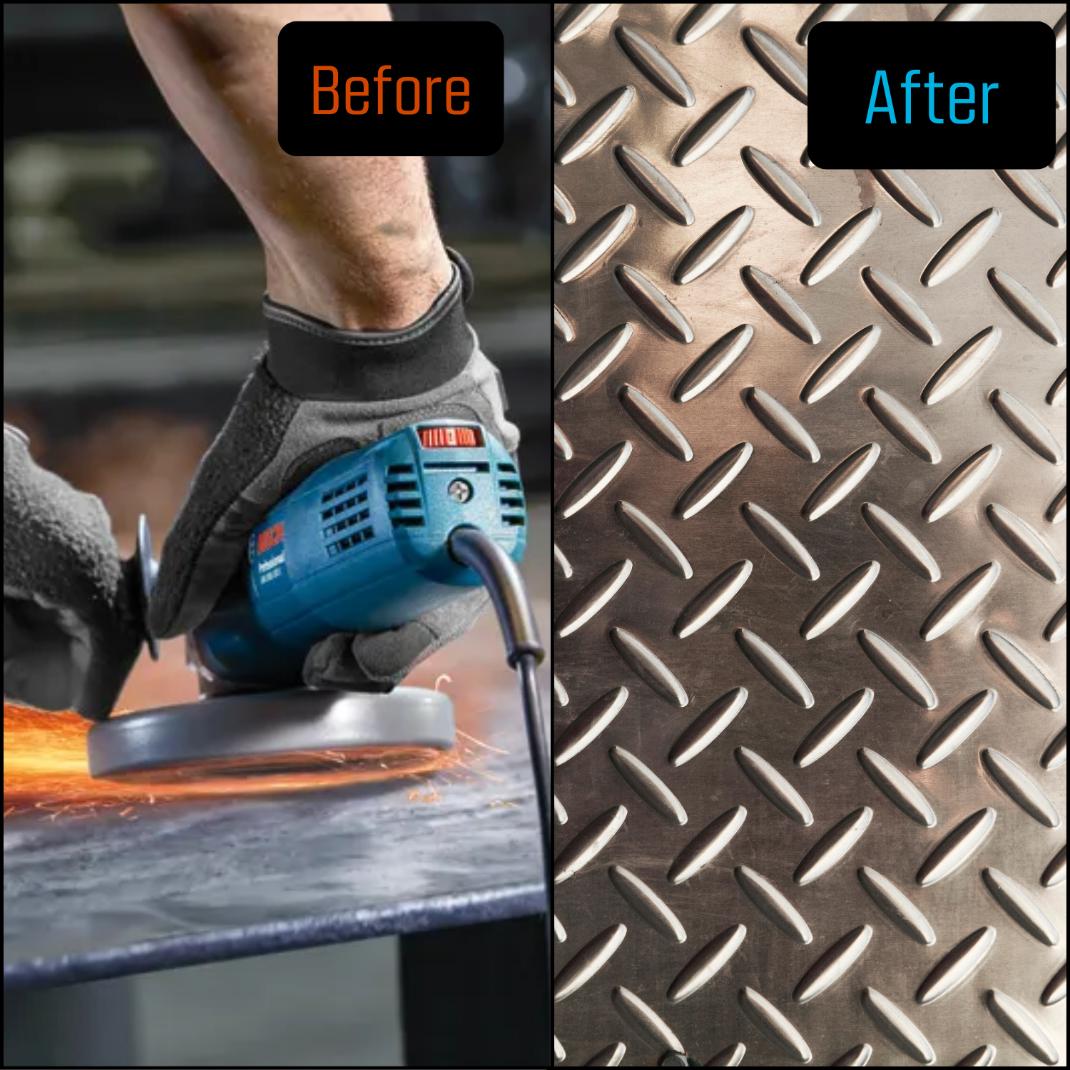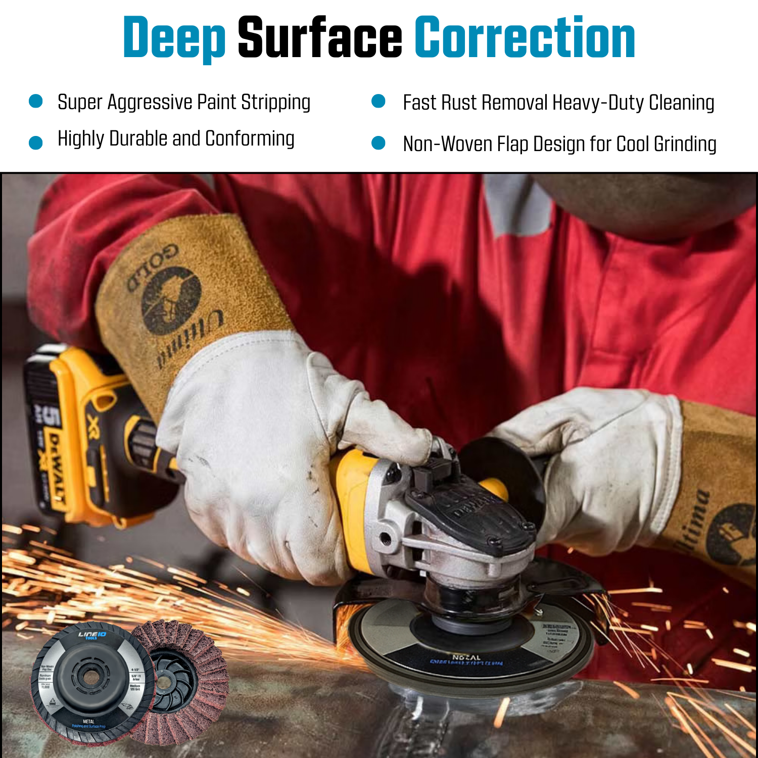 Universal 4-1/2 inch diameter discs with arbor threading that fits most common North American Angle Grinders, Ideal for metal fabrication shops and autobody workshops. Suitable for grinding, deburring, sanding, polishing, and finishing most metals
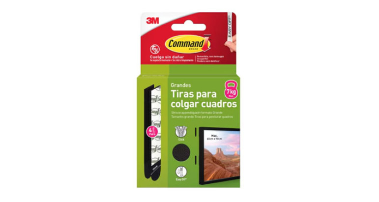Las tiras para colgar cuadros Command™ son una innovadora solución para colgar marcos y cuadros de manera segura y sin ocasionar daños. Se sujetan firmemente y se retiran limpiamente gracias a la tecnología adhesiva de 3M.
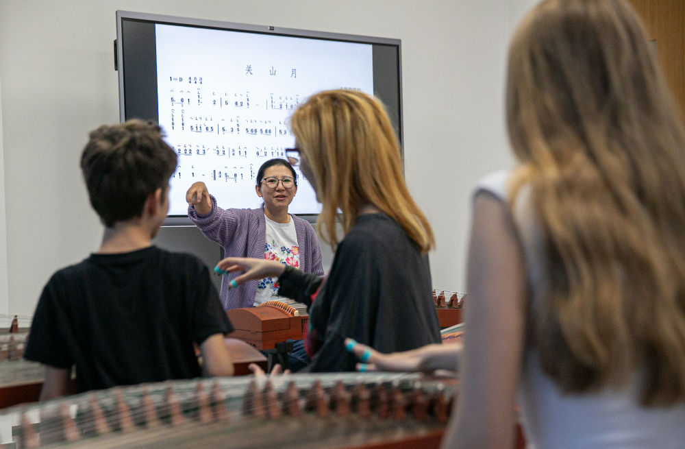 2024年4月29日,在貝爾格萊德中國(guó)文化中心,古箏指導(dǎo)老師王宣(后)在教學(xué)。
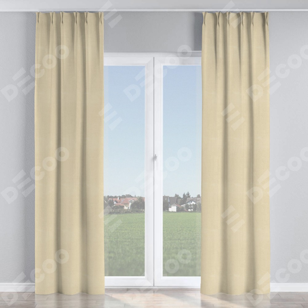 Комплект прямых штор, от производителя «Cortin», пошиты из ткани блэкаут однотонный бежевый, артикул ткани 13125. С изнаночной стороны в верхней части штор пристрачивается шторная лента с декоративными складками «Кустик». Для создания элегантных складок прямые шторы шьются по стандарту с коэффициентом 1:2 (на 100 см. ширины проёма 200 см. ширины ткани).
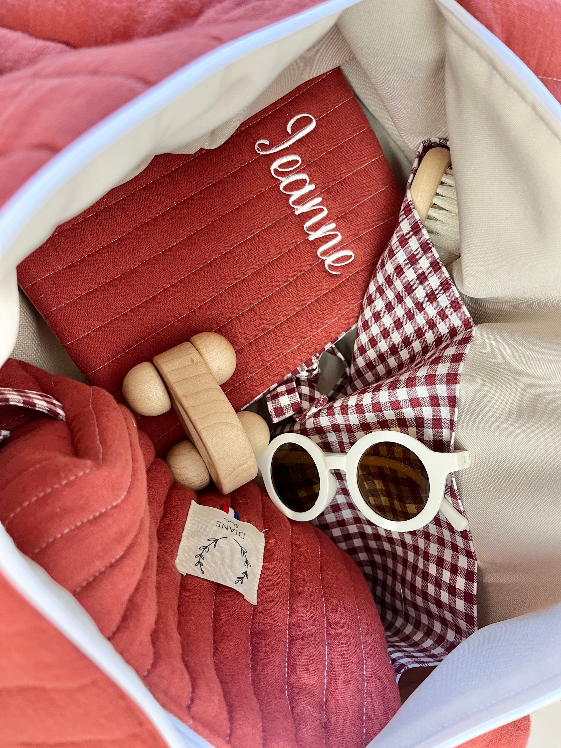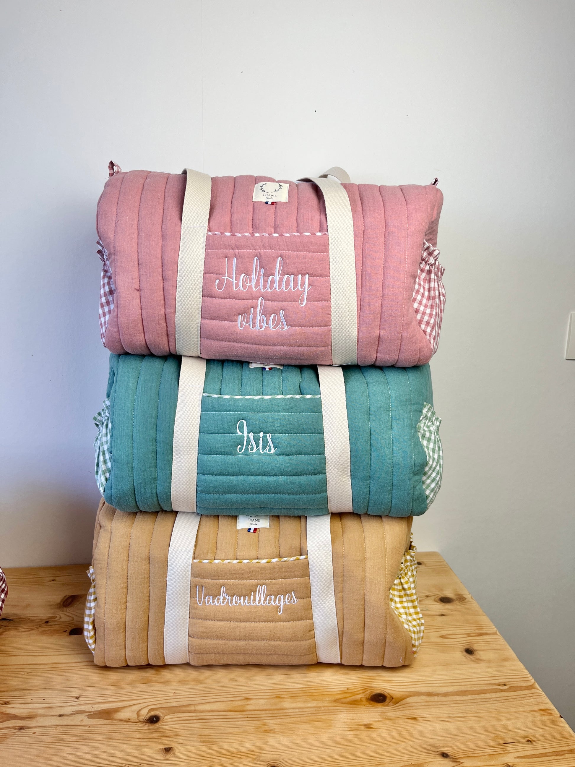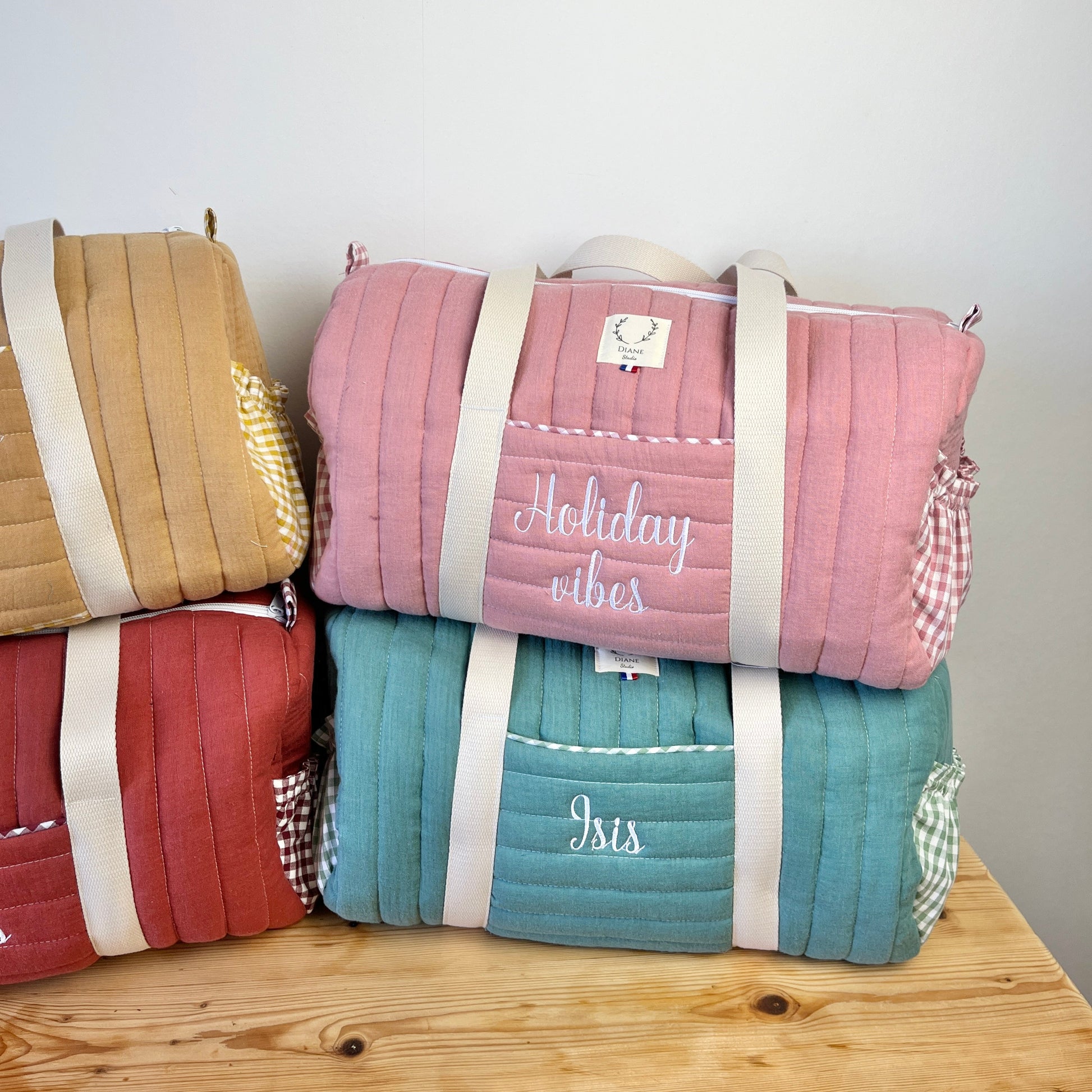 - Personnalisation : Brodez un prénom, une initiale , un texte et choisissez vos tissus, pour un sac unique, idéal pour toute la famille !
==
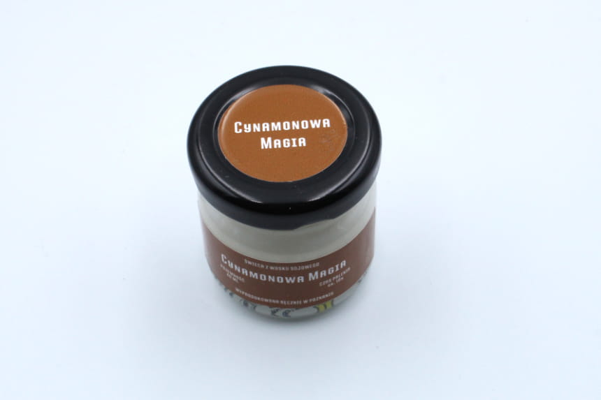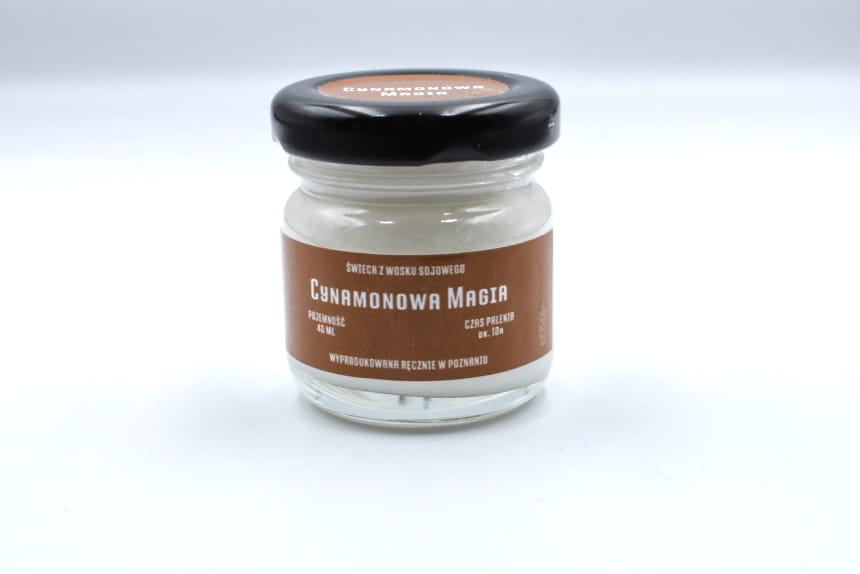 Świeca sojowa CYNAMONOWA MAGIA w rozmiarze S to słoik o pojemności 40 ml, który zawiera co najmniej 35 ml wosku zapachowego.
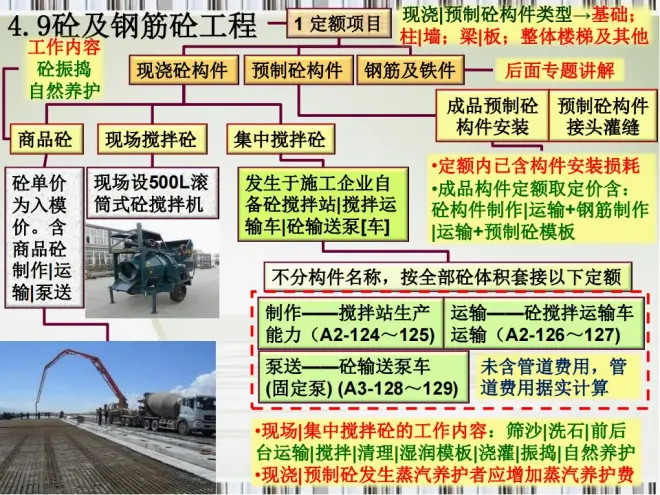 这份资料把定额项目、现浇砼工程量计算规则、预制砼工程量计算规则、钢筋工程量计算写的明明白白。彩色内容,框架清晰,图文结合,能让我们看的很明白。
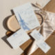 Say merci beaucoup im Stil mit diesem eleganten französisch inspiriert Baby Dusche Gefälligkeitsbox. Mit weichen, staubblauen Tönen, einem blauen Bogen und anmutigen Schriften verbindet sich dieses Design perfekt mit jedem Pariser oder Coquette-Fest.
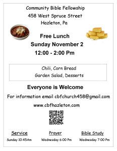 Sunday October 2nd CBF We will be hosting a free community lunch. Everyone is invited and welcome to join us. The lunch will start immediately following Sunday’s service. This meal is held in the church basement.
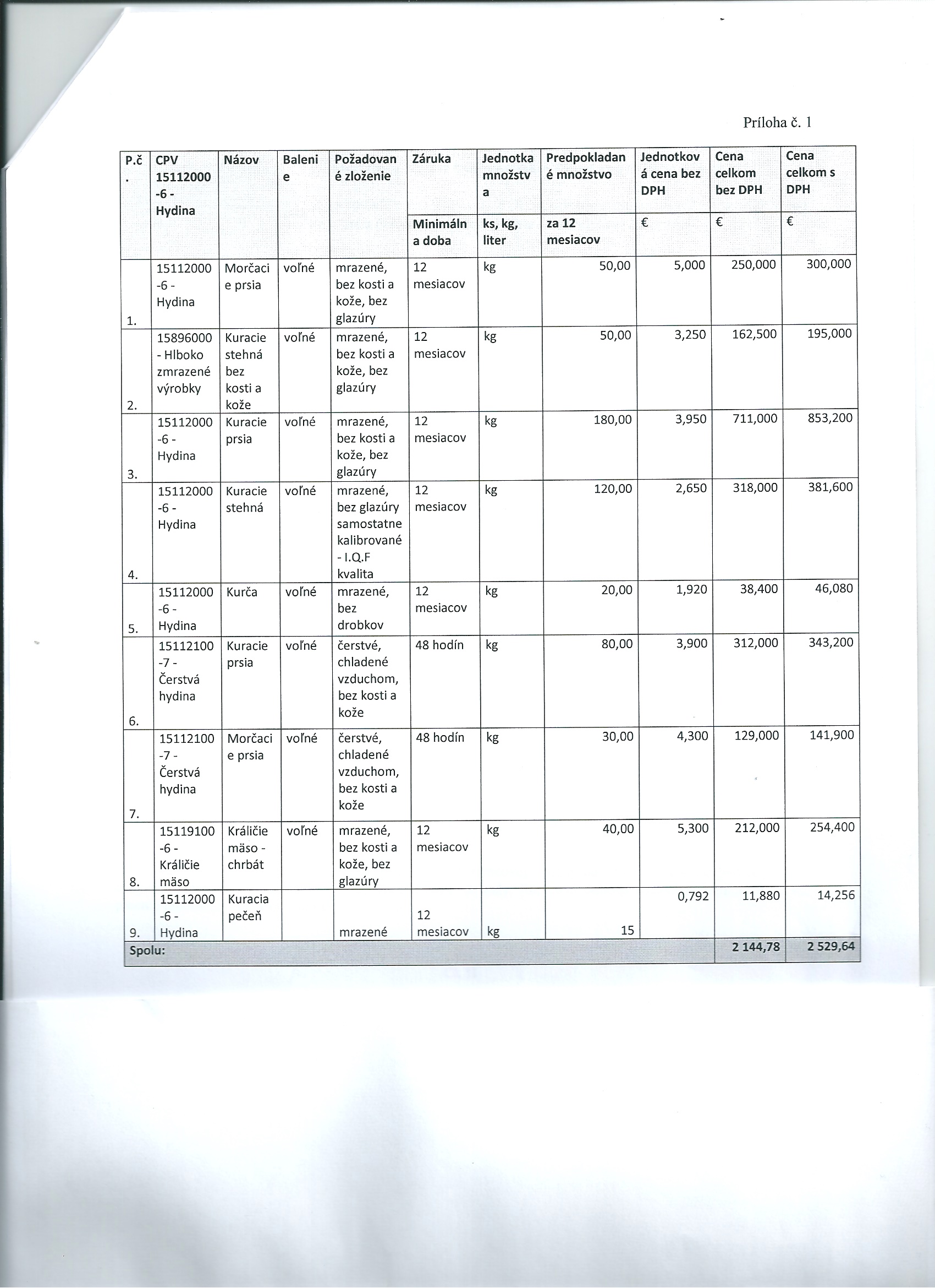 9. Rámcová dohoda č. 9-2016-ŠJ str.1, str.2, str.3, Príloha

**Task to carry out:**
A clean copy is needed of the lines in the listing above from the one with "Комплект прямых штор, от производителя" through the one with "- Personnalisation : Brodez", exact in every word and free of pictures.

**Answer box:**
 Комплект прямых штор, от производителя «Cortin», пошиты из ткани блэкаут однотонный бежевый, артикул ткани 13125. С изнаночной стороны в верхней части штор пристрачивается шторная лента с декоративными складками «Кустик». Для создания элегантных складок прямые шторы шьются по стандарту с коэффициентом 1:2 (на 100 см. ширины проёма 200 см. ширины ткани).
 - Personnalisation : Brodez un prénom, une initiale , un texte et choisissez vos tissus, pour un sac unique, idéal pour toute la famille !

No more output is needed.